The actual conversion to a numpy array took 0.0075 seconds with a whole 17.5 microseconds per query for 7 runs of 100,000 loops.

%timeit arcpy.da.TableToNumPyArray(lyr, "Text01")
7.5 ms ± 132 µs per loop (mean ± std. dev. of 7 runs, 100 loops each)

%timeit (a['Text01'] == 'C')
17.5 µs ± 63.2 ns per loop (mean ± std. dev. of 7 runs, 100000 loops each)‍‍‍‍‍

If you are really performing repetitive queries or even different queries, you might want to consider this alternative.

To that end, I determined all the unique cases in that table's field and ran a query on each of them and timed the whole lot.

np.unique(a)

array([('A',), ('Aa',), ('Aaa',), ('B',), ('Bbbbb',), ('C',), ('Ccccc',),
       ('D',), ('Dddd',), ('None',)], dtype=[('Text01', '<U5')])

%timeit (a['Text_01' == i] for i in np.unique(a))
537 µs ± 15.5 µs per loop (mean ± std. dev. of 7 runs, 1000 loops each)

Scaling quite nicely for 10 queries for the 10 cases, run 7 times for 1000 loops.  

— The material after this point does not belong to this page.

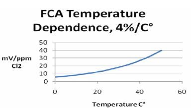 當PH 值在6-9.5 之間時,對樣品自動進行精確(què)補償。控制溶液PH 值,不再需要昂貴的樣品調節系統。溫度變(biàn)化也會影響餘氯的測量,内置的溫度傳感器可自動溫度補償(溫度變(biàn)化與餘氯值關系曲線見下圖)。
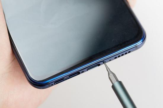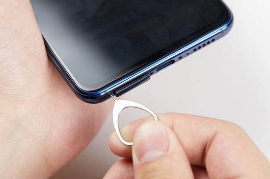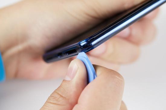 在拆解之前按惯例将手机关机,然后使用手机附送的卡针,将位于手机下方的卡托取出。需要注意的是,不要用其他工具插入卡托孔,以防卡托孔损坏、无法取出卡托。

Options abound since NumPy and esri products mesh quite nicely and offer advantages to the standard interface for large data analysis and/or just about any task.

curtvprice
MVP Esteemed Contributor

Since you are providing a dataset to the SelectLayerByAttribute tool (not a layer, as the tool needs) the tool is dealing with this by creating a layer on the fly on every run of the tool.  It seems (note the incrementing layer names in Dan's test) filling memory up with layers on every iteration, bogging things down. As the first note in the help on this tool says:

If the input is a feature class or dataset path, this tool will automatically create and return a new layer with the result of the tool applied.

Try this instead. Note my use of the current workspace to simplify path handling.

#importing python modules
import time
import arcpy
from arcpy import env

env.workspace = (
    r"C:\Users\vincentl\AppData\Local\PythonTesting\"
    r"Geodatabases\ScratchAddressing.gdb")
lyr = arcpy.MakeFeatureLayer_management("GIS_DBO_Places_Sample", "lyr")
whereClause = "OBJECTID IN (1)"

for i in range(0, 100):
    start = time.time()
    arcpy.SelectLayerByAttribute_management(lyr, "NEW_SELECTION", whereClause)
    stop = time.time()
    print("Time elapsed: {0}".format(stop - start))‍‍‍‍‍‍‍‍‍‍‍‍‍‍‍‍‍‍‍‍‍‍‍‍‍‍‍‍‍‍‍‍‍‍‍‍‍‍‍‍‍‍‍‍‍‍‍‍‍‍‍‍‍‍‍‍‍‍‍‍‍‍‍‍‍‍
DanPatterson_Retired
MVP Esteemed Contributor

still relative slow.  I actually made a featurelayer on disk to test to see if that improves things

import arcpy
import time

lyr = r"C:\Arc_projects\Polygon_lineTools\pnts_2000_lyr.lyrx"
qry = "Text01 = 'C'"
def test(lyr, qry):
    """ """
    start = time.time()
    r = arcpy.management.SelectLayerByAttribute(lyr, "NEW_SELECTION", qry, None)
    stop = time.time()
#    arcpy.management.SelectLayerByAttribute(lyr, "CLEAR_SELECTION") #, qry, None)
    return (stop - start)

and ran it with and without the CLEAR_SELECTION

Without clearing

np.array([test(lyr, uniq[0]) for u in range(10)])
    array([0.065, 0.062, 0.06 , 0.06 , 0.061, 0.061, 0.066, 0.059, 0.061, 0.059])

markedly better but still 

it really slows down with multiple queries

lyr = r"C:\Arc_projects\Polygon_lineTools\pnts_2000_lyr.lyrx"
uniq = ['A', 'Aa', 'Aaa', 'B', 'Bbbbb', 'C', 'Ccccc', 'D', 'Dddd', 'None']

def test(lyr, uniq):
    """ """
    start = time.time()
    qry = "Text01 = '{}'".format(uniq)
    r = arcpy.management.SelectLayerByAttribute(lyr, "NEW_SELECTION", qry, None)
    stop = time.time()
#    arcpy.management.SelectLayerByAttribute(lyr, "CLEAR_SELECTION") #, qry, None)
    return (stop - start)

np.array([test(lyr, u) for u in uniq])
array([0.073, 0.063, 0.059, 0.059, 0.06 , 0.06 , 0.06 , 0.067, 0.062, 0.059]) = 0.612

compared to   0.000537 s for all 10 using numpy.  still orders of magnitude different, but not as bad 

0 Kudos
curtvprice
MVP Esteemed Contributor

Of course numpy will be many many orders of magnitude faster - you are working with a simple numpy structure instead of this big complex (and powerful) layer object.

But my fix of creating the layer first does make it stop the memory-eating monster and the slowing down with iterations, yes?